I once asked the Bishop if he thought it was possible for a white man genuinely to love a black man like a brother and he said he thought it might prove an illusion in the end, because of the social pressures. Other church people have not been able to answer this question. Race is not everything, I think. After all, I owe my life to a Jew in Arcadia. It was not he who put a piece of metal in my womb, nor sowed that dreadful seed in me, nor libelled me, nor humiliated me, nor betrayed me. I am not antiSemite, I tell them, I am merely antisceptic.
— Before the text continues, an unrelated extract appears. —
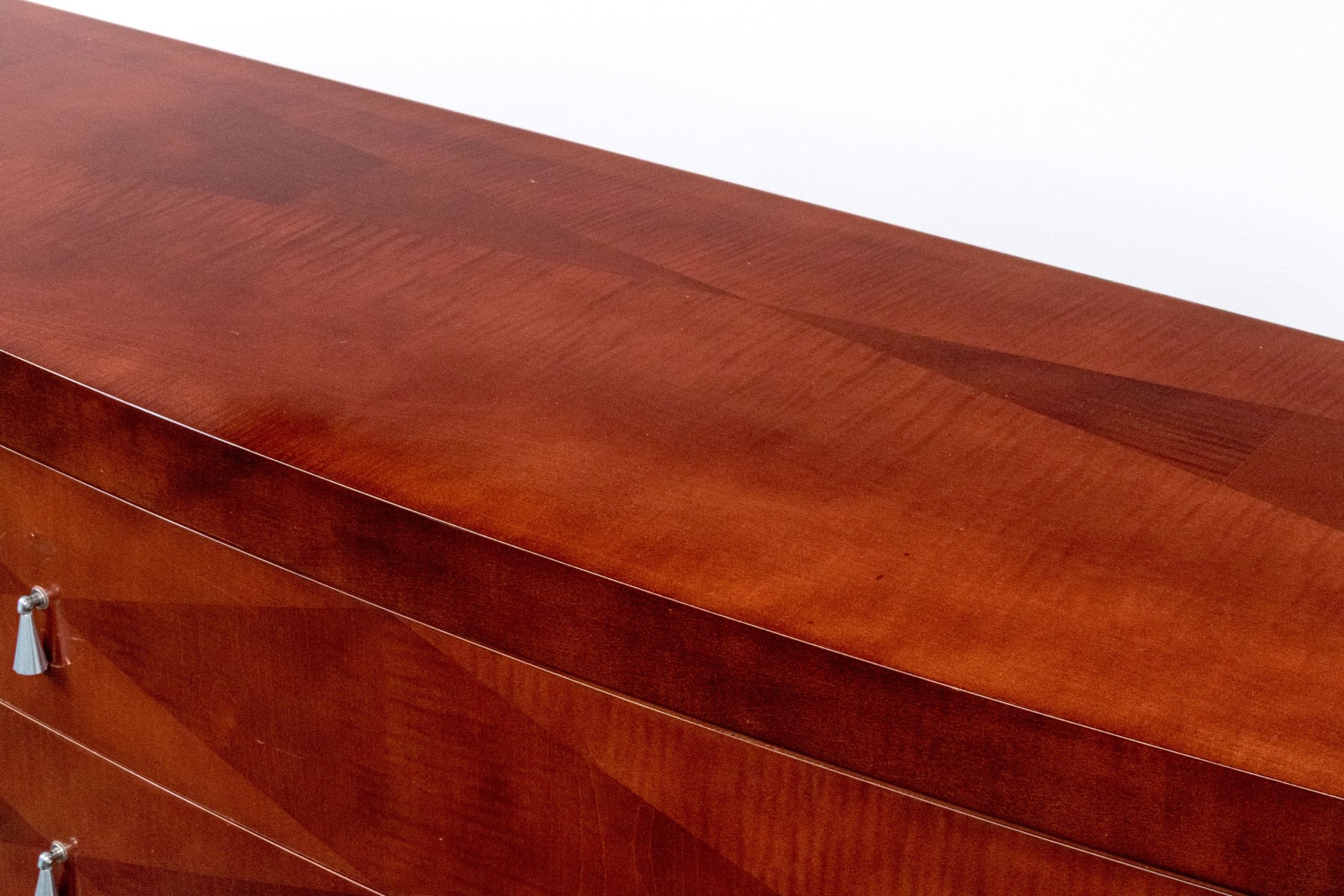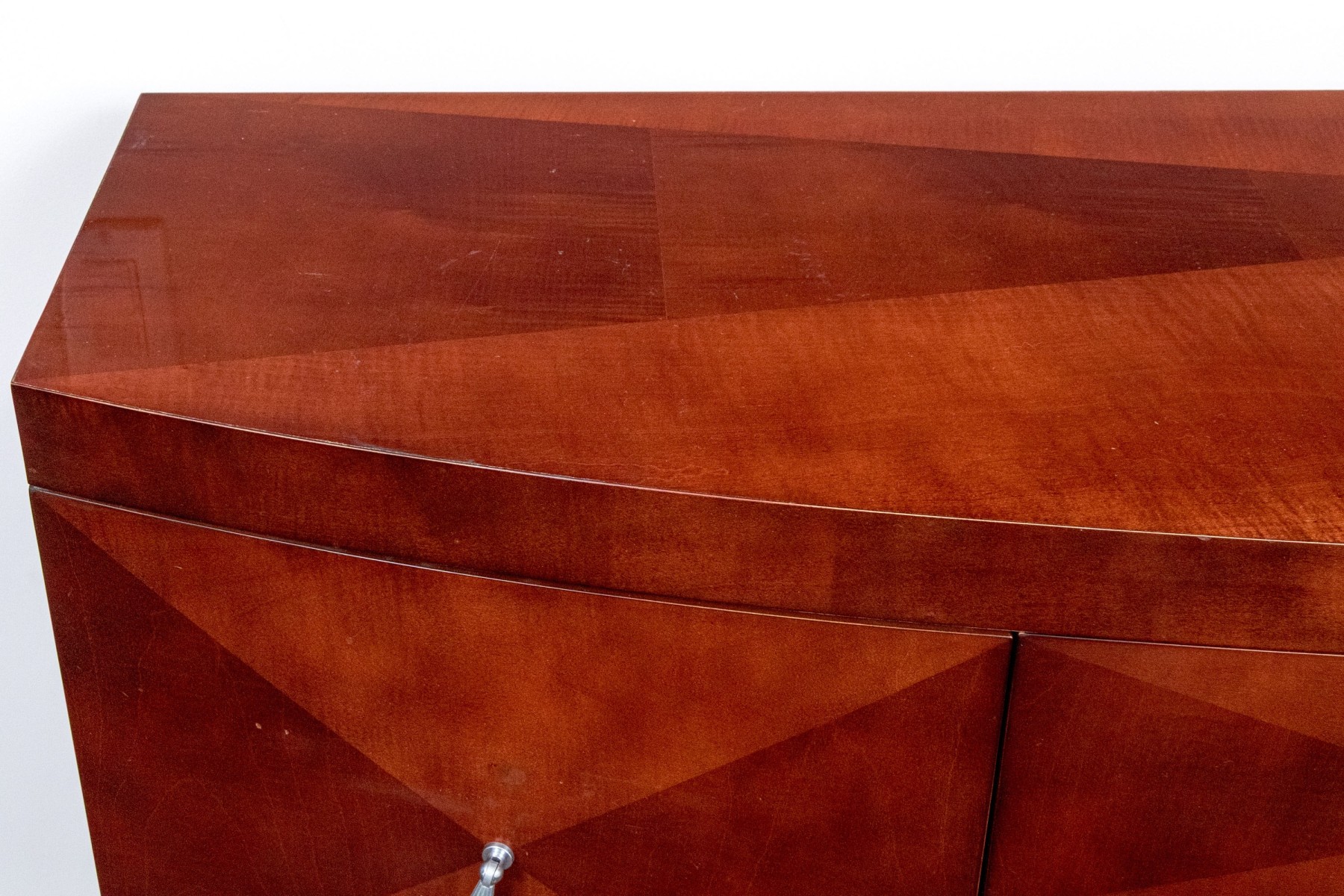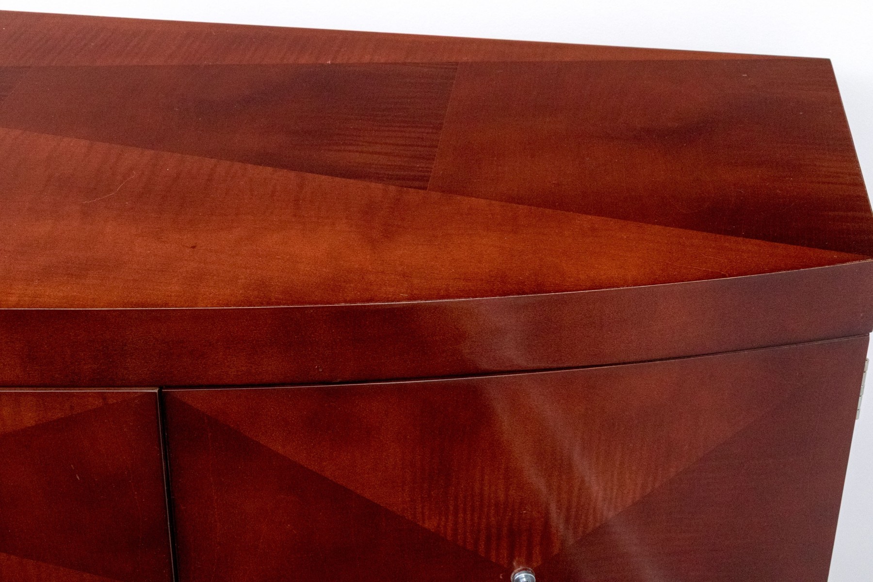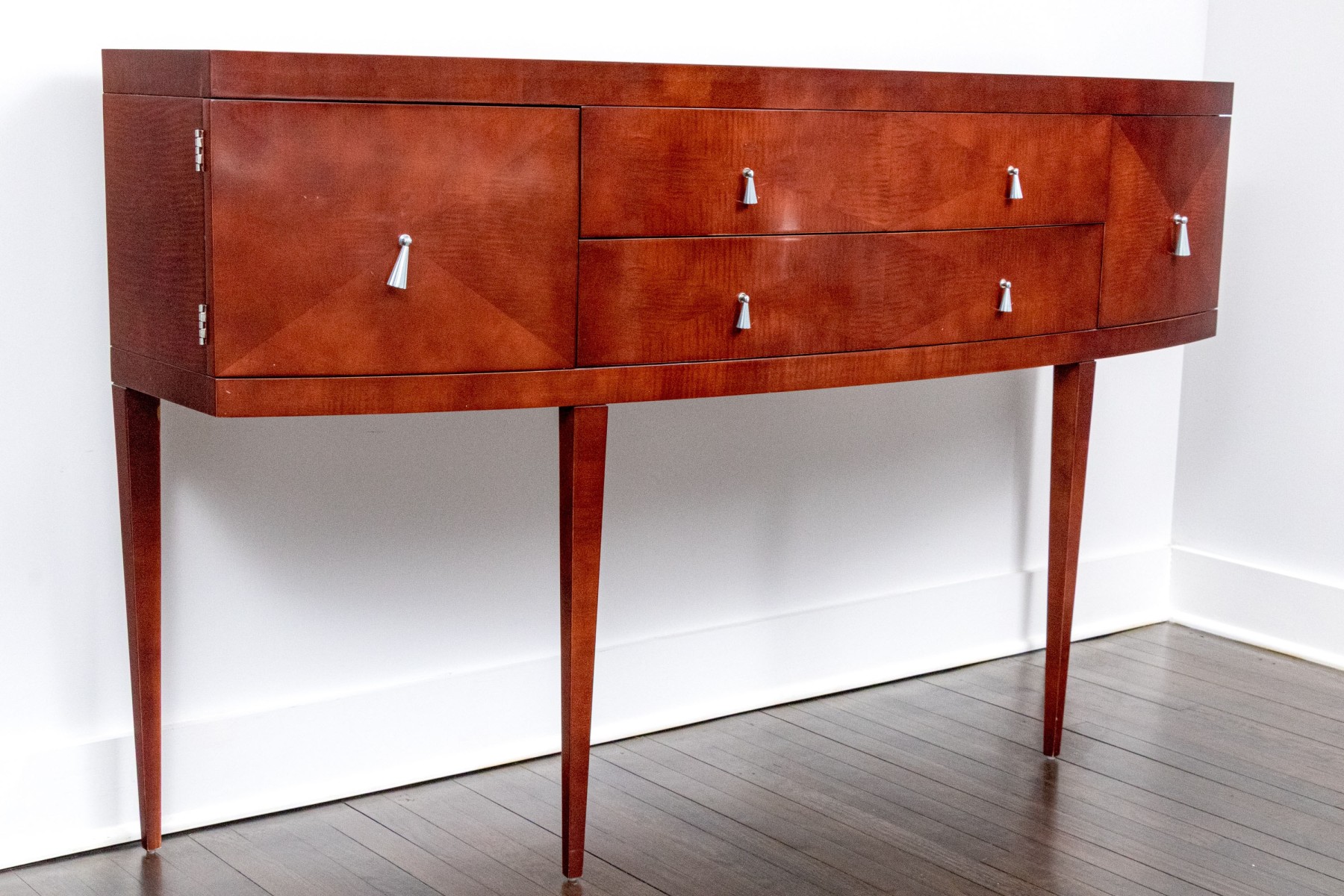 Designed in the early 1990's, the Baker furniture sideboard or credenza is constructed with woods including sycamore and features fabulous inlaid decoration. Drawers featuring nickel teardrop form pulls.

But they never understand these plays on words. The arts of irony and innuendo are lost to those who abuse the freedoms of democracy. Mrs Cornelius thinks I am too broad-minded for my own good but that is the way I was born, I said. What can I do? Wie lange wird es dauern? ‘I’ll get my reward in Heaven,’ I tell her. Da ma yekhessanash . . .
‘And I’ll be right beside yer, Ivan,’ she says. I used to think her mysterious laughter, which had little to do with what she said, a sign of her senility but now I think it has something to do with anxiety. I tell her she should see a doctor. NO! This is not God! NO! She lies to me. She lies to me. They must not hurt me not hurt me so. God made me promise. I did not do those things. Those things make me sick. It is not fair. I am justice and of the Just but I denied my birthright and God cursed me with blindness. I denied my people and God cursed me with the gift of lies. I would not listen to my father and God ordained that I should believe only untruths. For it is written that God shall make such just punishment upon any of the Just that shall err from his purpose. I am the lamb and the blood is my blood. He loved me in Odessa. He put a piece of metal in my womb. I have done what is unclean and I have repented. Anubis is my friend. Dieser letzte weiche Kuss, Esmé. Es war ein Schlag in den Unterleib. Ich kann noch immer die Stelle spiiren. Ein Reitgerte hebt sich und saust herab. Sie ist von jener grausamen Flut aus Asche mitgerissen worden. Sie ist ein Gespenst. Ein kinemaqueen.
How could we resist them?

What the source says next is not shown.